=== EXERCISE ===
Please take the lines from the one holding "Äre-minne af kongl." through the one holding "Las ranuras rectangulares" in the data below and copy them exactly.
-- SOURCE MATERIAL follows --
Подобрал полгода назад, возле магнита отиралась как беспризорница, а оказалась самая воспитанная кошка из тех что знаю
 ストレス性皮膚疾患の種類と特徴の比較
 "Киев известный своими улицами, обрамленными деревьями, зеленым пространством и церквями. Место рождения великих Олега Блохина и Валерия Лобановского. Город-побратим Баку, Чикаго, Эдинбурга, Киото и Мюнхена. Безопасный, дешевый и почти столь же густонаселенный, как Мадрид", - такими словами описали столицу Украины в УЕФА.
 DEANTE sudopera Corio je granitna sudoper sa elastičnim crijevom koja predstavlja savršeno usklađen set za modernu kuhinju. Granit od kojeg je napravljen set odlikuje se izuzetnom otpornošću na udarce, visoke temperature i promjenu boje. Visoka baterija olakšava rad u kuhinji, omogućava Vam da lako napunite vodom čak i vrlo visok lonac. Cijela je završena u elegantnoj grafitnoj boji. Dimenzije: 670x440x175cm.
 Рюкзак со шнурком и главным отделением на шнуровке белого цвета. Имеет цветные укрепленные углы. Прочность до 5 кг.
-- SOURCE MATERIAL concluded --
-- SOURCE MATERIAL follows --
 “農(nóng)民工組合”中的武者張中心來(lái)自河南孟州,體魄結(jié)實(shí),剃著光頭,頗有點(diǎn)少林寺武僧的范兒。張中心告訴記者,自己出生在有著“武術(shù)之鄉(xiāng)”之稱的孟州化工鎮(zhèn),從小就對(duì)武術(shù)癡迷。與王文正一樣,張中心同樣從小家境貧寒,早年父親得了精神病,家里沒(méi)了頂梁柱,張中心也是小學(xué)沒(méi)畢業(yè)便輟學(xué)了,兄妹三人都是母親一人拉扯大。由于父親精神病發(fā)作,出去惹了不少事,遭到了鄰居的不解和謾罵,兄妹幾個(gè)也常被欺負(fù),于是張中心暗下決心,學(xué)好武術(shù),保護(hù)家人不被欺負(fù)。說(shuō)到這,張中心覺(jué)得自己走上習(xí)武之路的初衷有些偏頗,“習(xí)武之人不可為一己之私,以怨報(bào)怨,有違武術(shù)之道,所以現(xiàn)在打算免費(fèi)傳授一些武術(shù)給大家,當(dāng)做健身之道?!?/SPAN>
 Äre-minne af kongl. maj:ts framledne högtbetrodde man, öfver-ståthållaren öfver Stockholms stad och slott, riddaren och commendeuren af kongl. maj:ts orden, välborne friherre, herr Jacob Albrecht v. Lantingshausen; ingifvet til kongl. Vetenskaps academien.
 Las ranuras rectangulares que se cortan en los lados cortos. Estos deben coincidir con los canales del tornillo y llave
-- SOURCE MATERIAL concluded --
=== TASK OUTPUT ===
 Äre-minne af kongl. maj:ts framledne högtbetrodde man, öfver-ståthållaren öfver Stockholms stad och slott, riddaren och commendeuren af kongl. maj:ts orden, välborne friherre, herr Jacob Albrecht v. Lantingshausen; ingifvet til kongl. Vetenskaps academien.
 Las ranuras rectangulares que se cortan en los lados cortos. Estos deben coincidir con los canales del tornillo y llave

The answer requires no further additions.